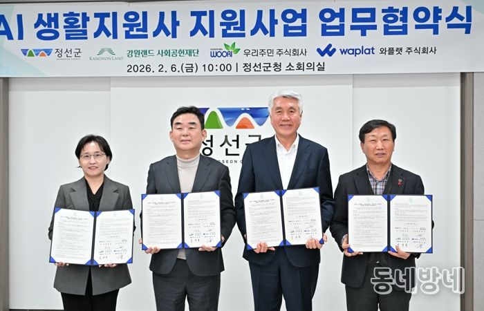 이번 협약식은 2월 6일 정선군청 소회의실에서 열렸으며, 정선군을 비롯해 강원랜드 사회공헌재단, 우리주민 주식회사, 와플랫 주식회사가 참석해 AI 기반 돌봄 서비스 제공과 통합돌봄 체계 구축을 위한 협력에 뜻을 모았다.
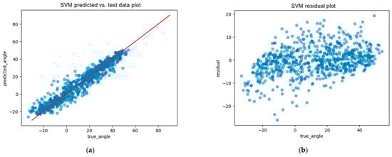 (a) The actual angles from the test data for pronation compared with their predicted angles obtained from the training data using the SVM model. (b) The residuals (actual angles − predicted angles) of the SVM model for pronation plotted and compared against the actual angles in the test data.
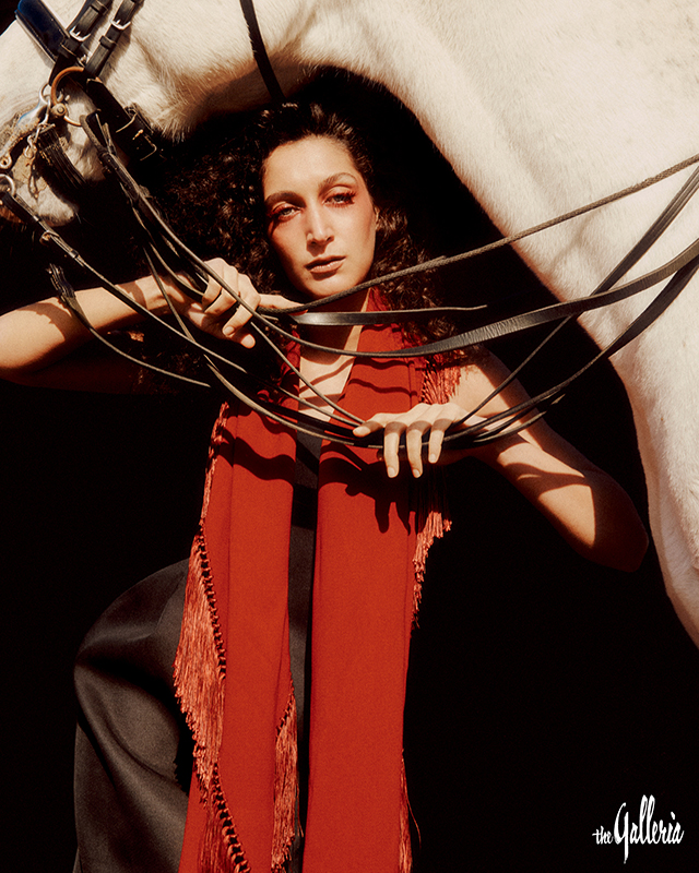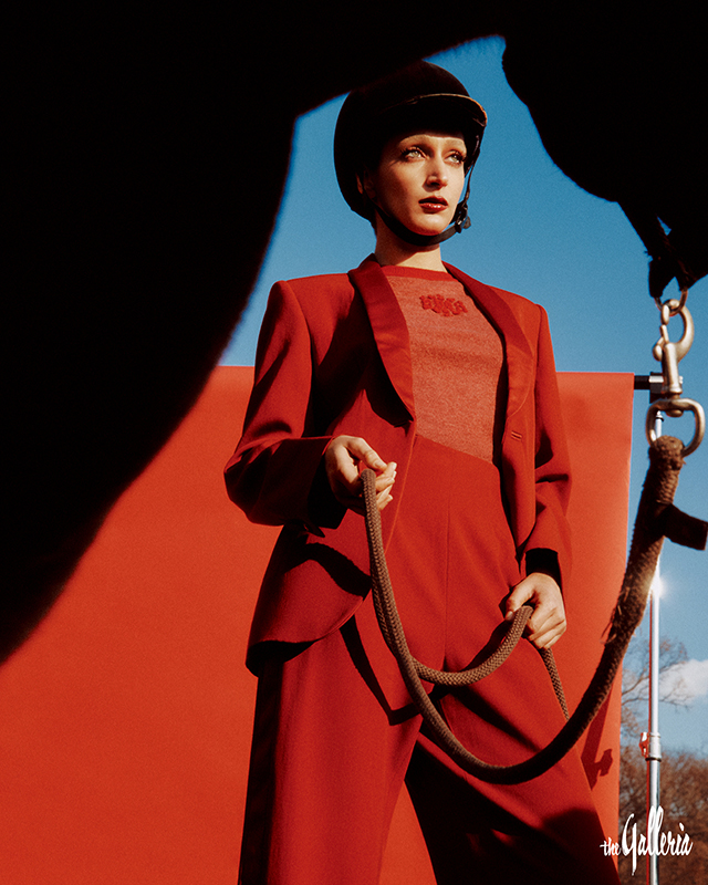VALENTINO 밑단의 로맨틱한 플라운스 디테일이 사랑스러운 미니드레스. Hermès 하이드로 카프스킨 소재로 제작한 라이딩 부츠. VALENTINO GARAVANI 쉐 발렌티노 디테일의 플로럴 라이크라 타이츠.
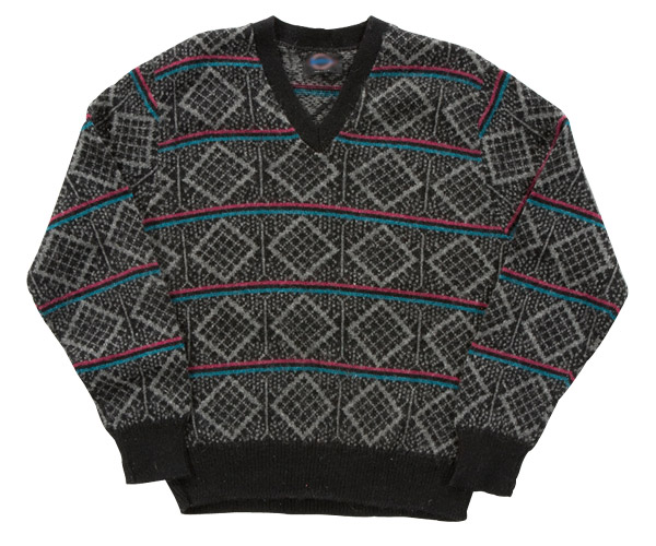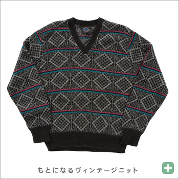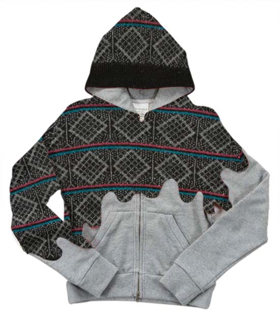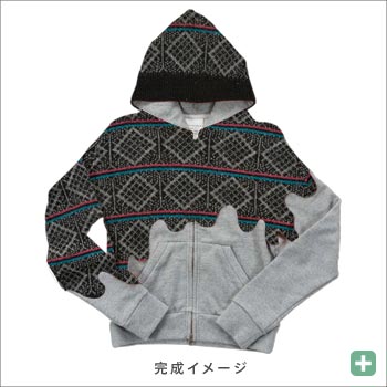 フェアアイル柄の変形型というか、 1つのモチーフを、総柄でリピートしています。 黒とグレーのモノクロの淡々とした模様の中に ターコイズブルーとピンクのラインが入る感じが 個人的にはとても好きです。 パーカに仕立てるとフードの部分にも ブルーとピンクのラインが入ります。
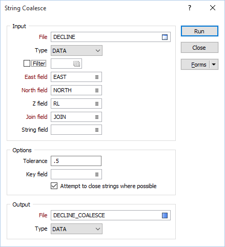 Because a distance tolerance is applied, the strings will be joined even if they are not touching. The function uses the spacing and orientation of the string ends to determine how they are joined. The use of a key field to separate different kinds of string is also supported.
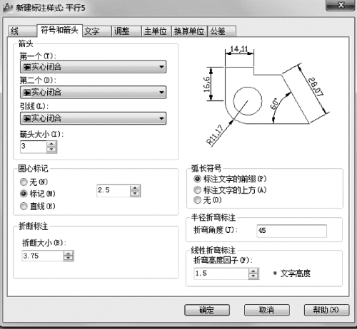 (3)选择【符号和箭头】选项卡,该选项卡用于设置箭头、圆心标记、弧长符号及半径标注折弯的形式和特征。设置箭头大小为“3”,其余参数采用默认值,如图4-36c所示。
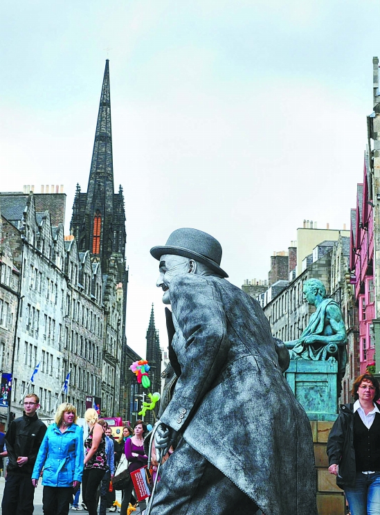 8月6日,在英国苏格兰首府爱丁堡“皇家英里”街头,一名男子扮成著名演员卓别林为路人表演。爱丁堡八月艺术季中规模最大的边缘艺术节于当天开幕。新华社发
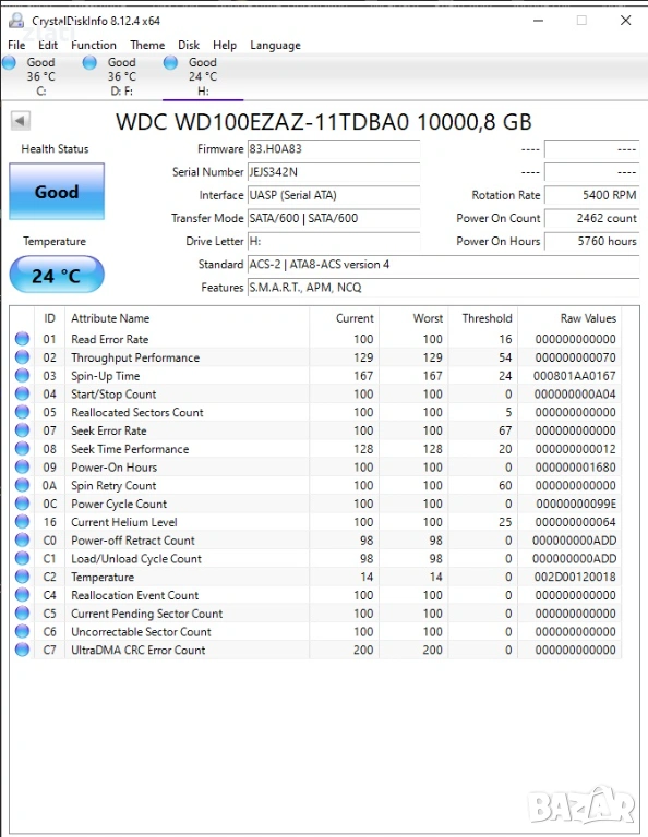 WD WD100EZAZ-11TDBA0 10TB 5400 RPM подходящ за NAS sata hdd hard disk хард диск малко ползван → Обява 44583635
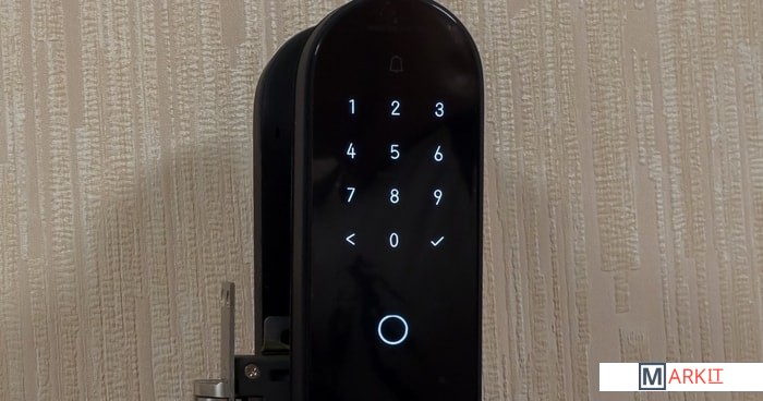Устройство может быть установлено как на деревянные, так и на стальные двери с толщиной полотна от 40 до 80 мм. Замок поддерживает работу с Apple Home.При установке замка существует возможность изменить сторону расположения ручки.Замок поддерживает следующие способы открытия: разблокировка двери с помощью отпечатка пальца, пароля, карты NFC, временного пароля, HomeKit, аварийного ключа, через приложение Aqara home.Во внутреннюю панель замка встроен динамик, который проигрывает мелодию звонка при нажатии кнопки на внешней панели. Дополнительно, при нажатии кнопки, можно настроить отправку уведомления владельцу.В замке предусмотрена установка основного и запасного комплекта элементов питания. Когда первый комплект разрядится — устройство отправит уведомление о необходимости замены элементов питания. Но даже в случае полной разрядки всех батарей есть возможность подключения внешнего источника питания к разъёму «Type C» на лицевой панели.Шесть способов разблокировкиНадёжный механизм замкаДо 18 месяцев работы на одном комплекте батарей*Технология HomeKit обеспечивает продвинутую безопасностьОбязательно сохраните пароль администратора!Это первый пароль, который вы введете после установки замка. Если пароль будет утерян, то замком нельзя будет пользоваться. Это сделано из соображений безопасности. Мы не сможем вам помочь его восстановить.* До 18 месяцев работы на одном комплекте батарей по данным лаборатории Lumi в условиях использования 8 оригинальных батареек при имитации открытия двери 10 раз в день (режим без двойной проверки) при комнатной температуре 25 °С. В условиях низких температур время автономной работы сократится.
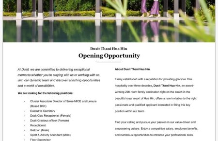 -Hua Hin Hotel Job งานโรงแรมหัวหิน Dusit Thani Hua Hin by admin July 15, 2025 โรงแรมดุสิตธานี หัวหิน มีตำแหน่งงานว่างหลายอัตรา หากท่านใดสนใจสามารถติดต่อสมัครงานได้ที่แผนกทรัพยากรบุคคล จันทร์ถึงศุกร์ 9.00-15.00 น. หรือส่งประวัติมาที่ kamonwan.tn@dusit.com และโทรสอบถามข้อมูลเพิ่มเติมที่เบอร์ 032-520009 ต่อ 2031 ขออนุญาตติดต่อกลับเฉพาะท่านที่ผ่านการคัดเลือกเท่านั้น ... Read More
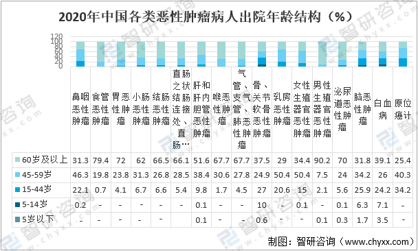 2020年中國腫瘤病人出院年齡結構分析:60歲及以上惡性腫瘤病人出院人數占56.20%[圖]
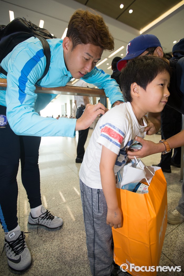 (인천공항=포커스뉴스) 유럽 원정에 나서 두 차례 평가전을 치러 1승 1패(스페인 1-6패, 체코 2-1승)를 거둔 대한민국 축구 국가대표팀 손흥민이 7일 오후 인천국제공항을 통해 귀국 후 어린 팬에게 사인을 해주고 있다.

··········

[Directions for this task]
With the pictures left out, copy exactly the lines from the one containing "2020年中國腫瘤病人出院年" through the final line of the records above, both included.

[Task response]
 2020年中國腫瘤病人出院年齡結構分析:60歲及以上惡性腫瘤病人出院人數占56.20%[圖]
 (인천공항=포커스뉴스) 유럽 원정에 나서 두 차례 평가전을 치러 1승 1패(스페인 1-6패, 체코 2-1승)를 거둔 대한민국 축구 국가대표팀 손흥민이 7일 오후 인천국제공항을 통해 귀국 후 어린 팬에게 사인을 해주고 있다.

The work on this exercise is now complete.